Provided records —
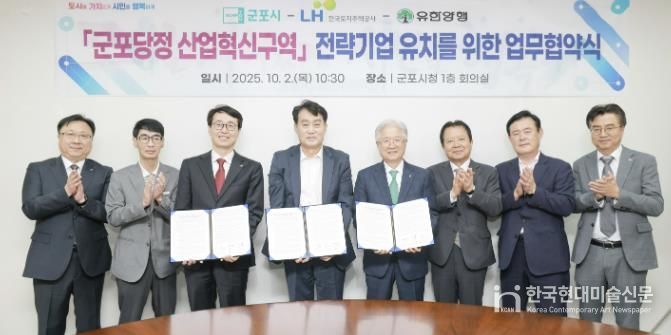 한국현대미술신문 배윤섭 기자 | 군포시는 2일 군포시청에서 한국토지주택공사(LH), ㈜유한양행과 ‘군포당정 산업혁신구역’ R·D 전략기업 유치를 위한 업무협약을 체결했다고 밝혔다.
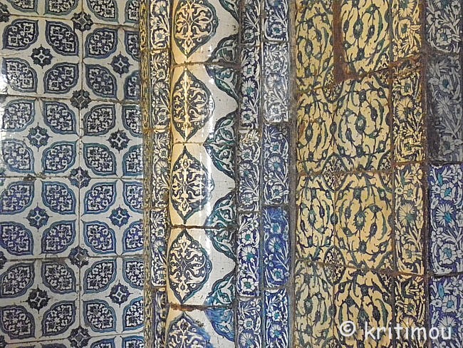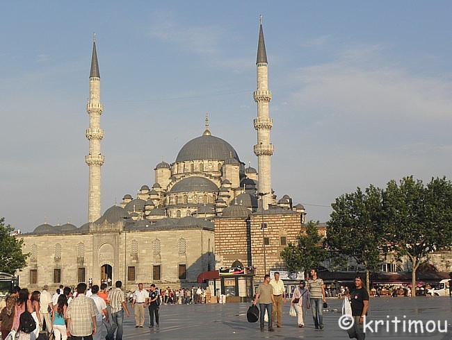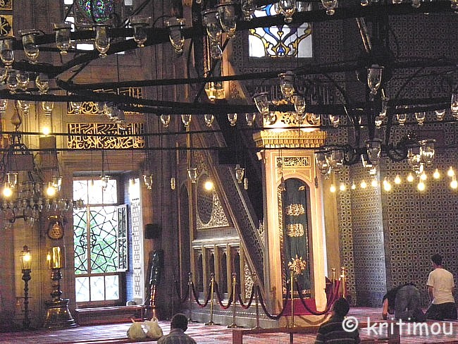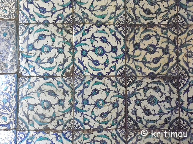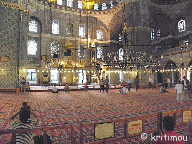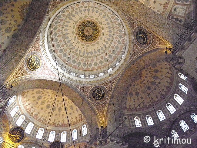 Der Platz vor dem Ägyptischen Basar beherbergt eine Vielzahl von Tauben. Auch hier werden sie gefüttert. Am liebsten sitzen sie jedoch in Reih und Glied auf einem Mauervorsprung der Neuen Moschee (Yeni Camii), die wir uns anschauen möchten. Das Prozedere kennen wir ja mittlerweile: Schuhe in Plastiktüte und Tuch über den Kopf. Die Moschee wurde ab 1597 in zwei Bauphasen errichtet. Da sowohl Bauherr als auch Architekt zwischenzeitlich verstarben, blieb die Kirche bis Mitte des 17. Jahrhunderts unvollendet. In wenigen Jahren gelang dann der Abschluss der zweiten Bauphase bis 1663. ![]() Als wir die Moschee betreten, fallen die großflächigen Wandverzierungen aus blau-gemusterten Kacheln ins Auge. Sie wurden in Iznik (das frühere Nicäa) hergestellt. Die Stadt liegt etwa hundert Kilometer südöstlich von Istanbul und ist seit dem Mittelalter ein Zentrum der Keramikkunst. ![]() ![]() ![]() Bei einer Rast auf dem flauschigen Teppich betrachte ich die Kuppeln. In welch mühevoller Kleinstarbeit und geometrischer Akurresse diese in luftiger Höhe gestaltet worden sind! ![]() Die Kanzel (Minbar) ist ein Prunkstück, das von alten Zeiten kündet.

...

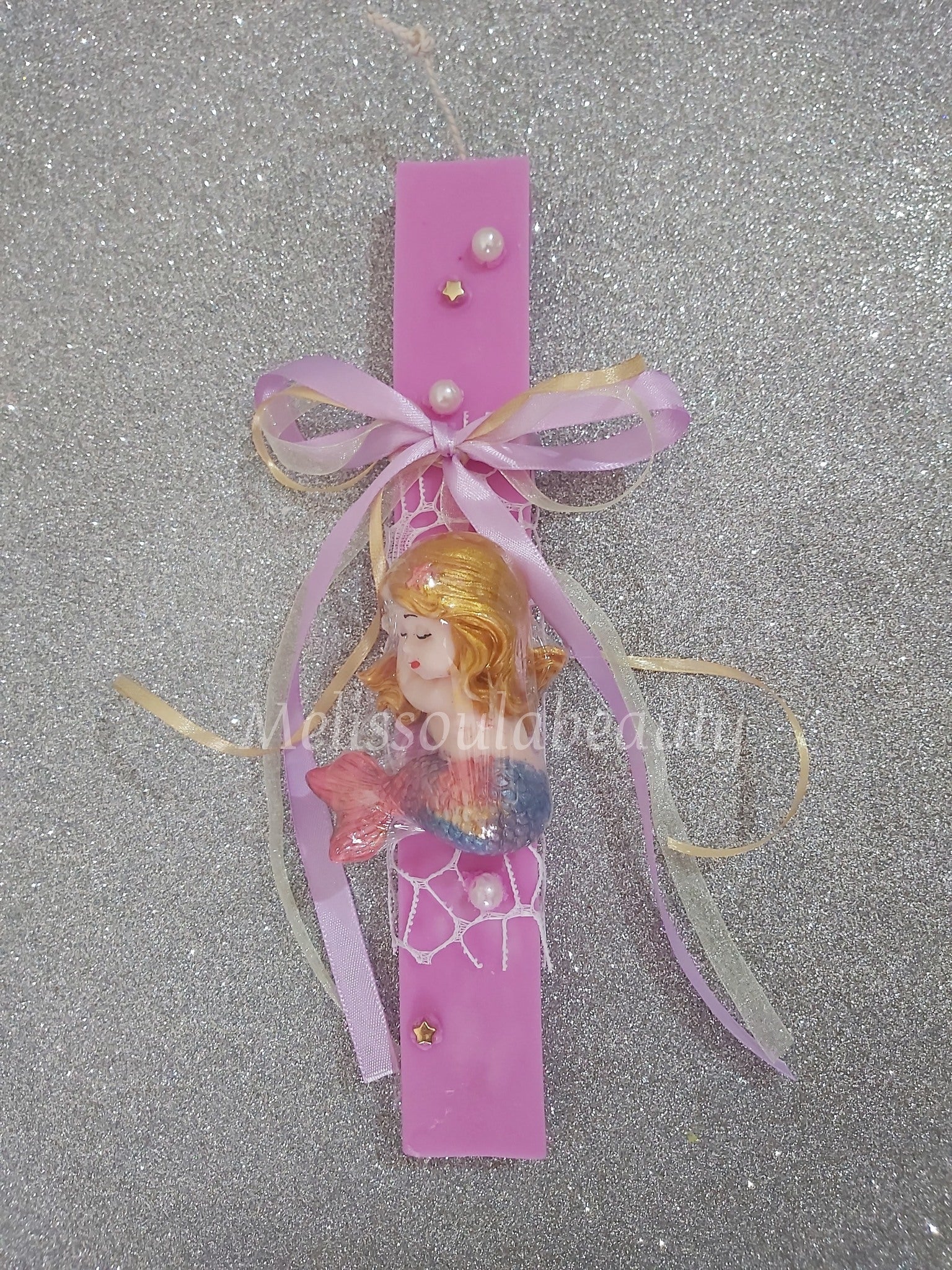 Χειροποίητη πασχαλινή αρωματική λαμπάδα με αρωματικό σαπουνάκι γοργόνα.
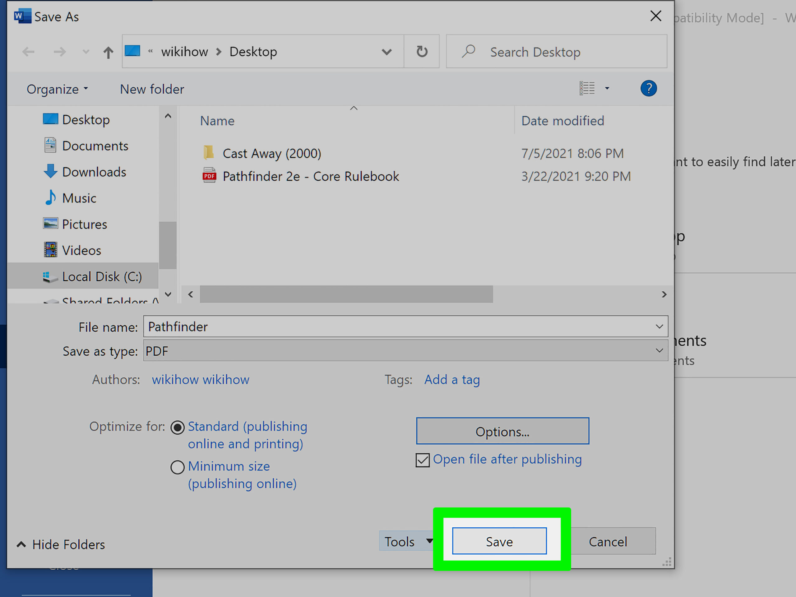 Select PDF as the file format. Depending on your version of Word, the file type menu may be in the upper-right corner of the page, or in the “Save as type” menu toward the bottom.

Problem statement —
Could you repeat, exactly, only the lines above starting at the one that has "Χειροποίητη πασχαλινή αρωματική" and stopping after the one that has "Select PDF as", without the pictures?

Answer section —
 Χειροποίητη πασχαλινή αρωματική λαμπάδα με αρωματικό σαπουνάκι γοργόνα.
 Select PDF as the file format. Depending on your version of Word, the file type menu may be in the upper-right corner of the page, or in the “Save as type” menu toward the bottom.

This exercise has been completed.